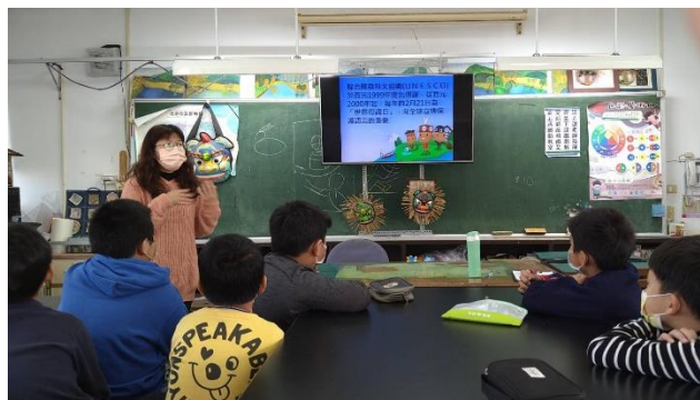
說明：教師課堂中宣導221世界母語日
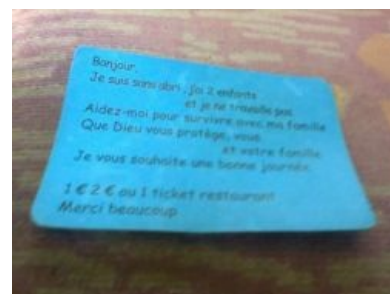
Та самая французская бумажка

В Караганды появился попрошайка в маске Гая Фокса Анонимный попрошайка из Казахстана.
________
**WHAT YOU SHOULD DO**
Retype the line containing "Та самая французская бумажка" and all the lines after it, ending with the final line of the material, exactly.

**PROBLEM SOLUTION**
Та самая французская бумажка

В Караганды появился попрошайка в маске Гая Фокса Анонимный попрошайка из Казахстана.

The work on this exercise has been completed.